Seems to be a pretty decent overview; covers the usual suspects (multi-stage builds, FROM scratch, non-scratch minmal images, ldd to check libraries), with some nice bits that I'd not seen before (busybox:glibc). I would be curious to see how these base images stack up against Google's "distroless" base images (https://github.com/GoogleContainerTools/distroless). I also appreciate that they call out Alpine's compatibility issues (on account of musl) but still leave it as a thing that can be good if you use it right. (Personally I'm quite fond of Alpine, but I don't bother when using binaries that expect glibc.)


One thing they don't talk about is using non-docker tools to build images.

e.g. nix: http://lethalman.blogspot.com/2016/04/cheap-docker-images-wi... or jib: https://github.com/GoogleContainerTools/jib

These may not fit every use case, but they can minimize the size of the image by making really precisely defined containers.


It’s worth looking at an overview of how Jib works because the general strategy is very good IMO.

https://phauer.com/2019/no-fat-jar-in-docker-image/


One important thing missing from BusyBox:glibc is the SSL certificates that's almost always needed if you are writing things like crawler etc.

As for Alpine, at least for packaging Python code, avoid as much as possible. It cannot reuse manylinux packages on PyPI and have to recompile C modules.


With Alpine, the size advantages of musl sometimes come with hidden overheads as well.

Musl's malloc() seems to be a fair bit slower than glibc's when you start to throw in more threads at it (fragments faster?).

And then if you try to replace that with jemalloc, you'll quickly find out that jemalloc does not actually get used.

At some level, the difference between a 1Mb docker image and a 9Mb one isn't that significant (& I asked for some things like strace, ping and nslookup to be in it, because it gets impossible to debug the container when it obviously caches a DNS record or at least, looks like it is doing that).


and as a result: plenty of breaking builds https://github.com/pyca/cryptography/issues/4264


been using docker-slim[1] for a couple years and am really happy with it.

Also I build everything from source and try to avoid glibc wherever I can, use hardened malloc and -D_FORTIFY_SOURCE=2 everything. also use static linking wherever I can and try to --disable-foo with configure if I can get away with it.

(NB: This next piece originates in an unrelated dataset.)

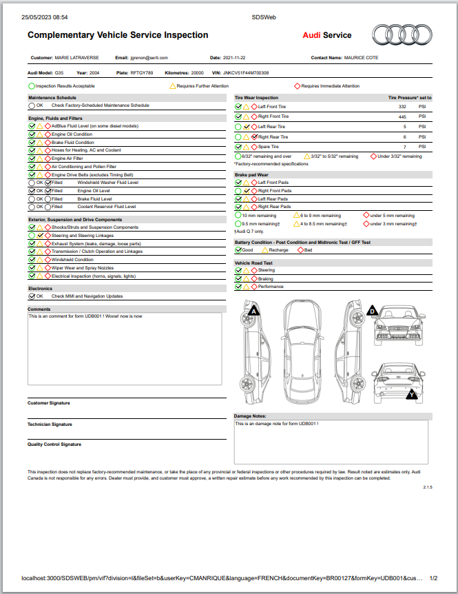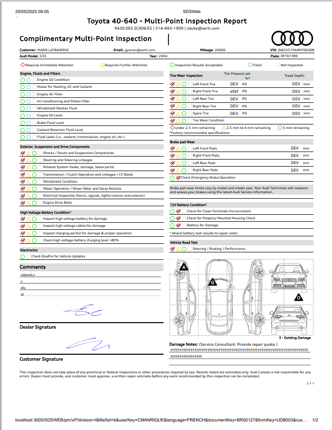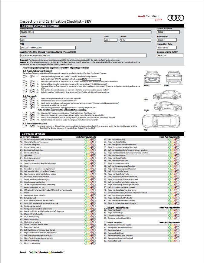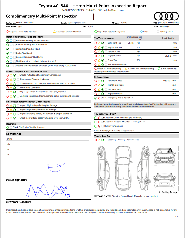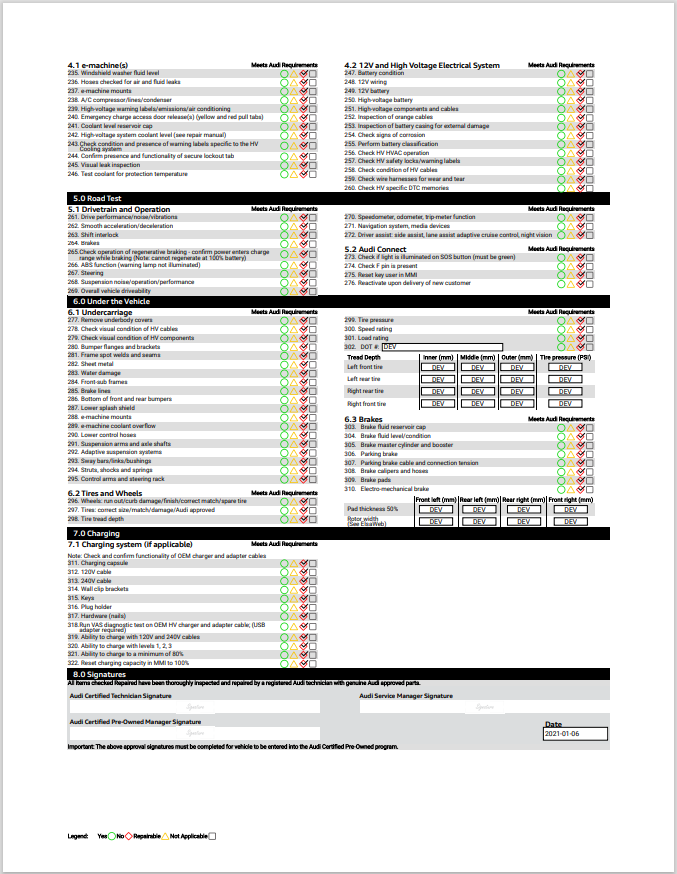 e-tron Multi-Point Inspection Report

Using a minimalistic approach that restricts everything (down to a syscall whitelist) sounds like it's high maintenence but when done in combination with a catalog of what runs in these containers and some plumbing to poll upstream for repo updates allows me to ignore a lot of what affects most people wrt security. As a bonus I learn about it quickly if upstream introduces a major change and I'm forced to study the source and get to decide if they were "out of their mind again" with these changes.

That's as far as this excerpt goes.